The present invention relates to apparatuses, such as small and medium scale processing plants, for conversion of biomass into methane and other high-grade products such as fertiliser. The present invention further relates to methods and uses of the present apparatuses for conversion of biomass into methane and other high-grade products such as fertiliser.
In the Netherlands, the average annual production of biomass is approximately 30,000 tonnes dry matter of which nearly 28,000 tonnes is produced in agriculture. This tonnage represents an energy content of 475 pJ of renewable energy each year equal to 15 billion m3 natural gas. In comparison, in the Netherlands, the use of natural gas was 1400 pJ in 2008.
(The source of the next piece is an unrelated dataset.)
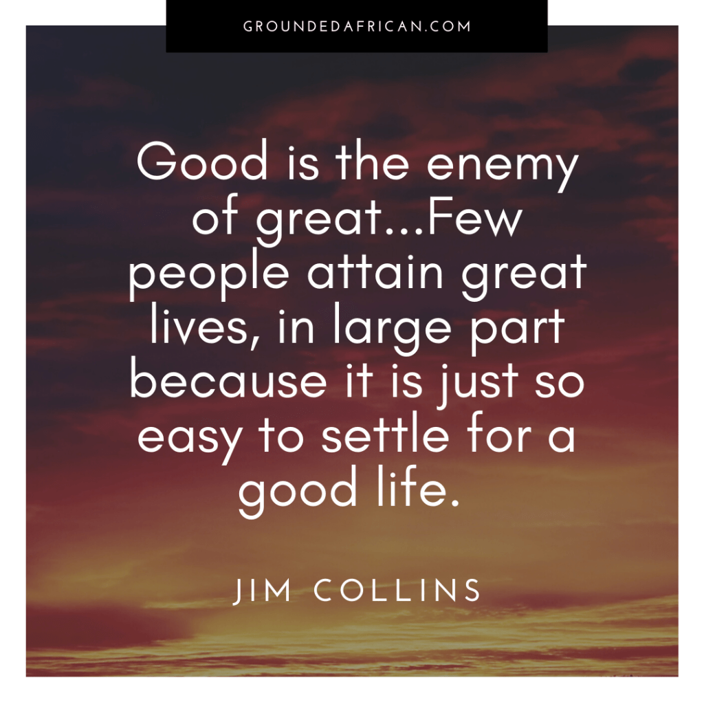 “Good is the enemy of great. And that is one of the key reasons why we have so little that becomes great. Few people attain great lives, in large part because it is just so easy to settle for a good life.”

Part of the annual biomass production is used as marketable products, or raw materials, while the remainder is not, or scarcely, used. A large portion of the annual biomass production which is used eventually results in organic waste streams, and especially wet organic waste streams, such as liquid manure, manure, sewage sludge, domestic vegetable waste, agricultural plant residue or domestic plant residue.
The energy content of the primarily non-used biomass and the organic waste streams of the primarily used biomass is considerable in addition to nutrient content, for example, nitrogen, phosphor, minerals and trace elements.
Conversion of non-used biomass, such as agricultural and forestry waste and organic waste streams of the primarily used biomass into high-grade products, for example natural gas, can significantly contribute to the amount of sustainable energy, or green energy, available for energy consumption and, accordingly, significantly contribute to reduction of green house gasses such as CO2.
It has been estimated that 30% to 60% of the annual biomass production can be converted into methane or natural gas thereby, for example, providing a renewable potential alternative for 10% to 20% of the natural gas consumption in the Netherlands.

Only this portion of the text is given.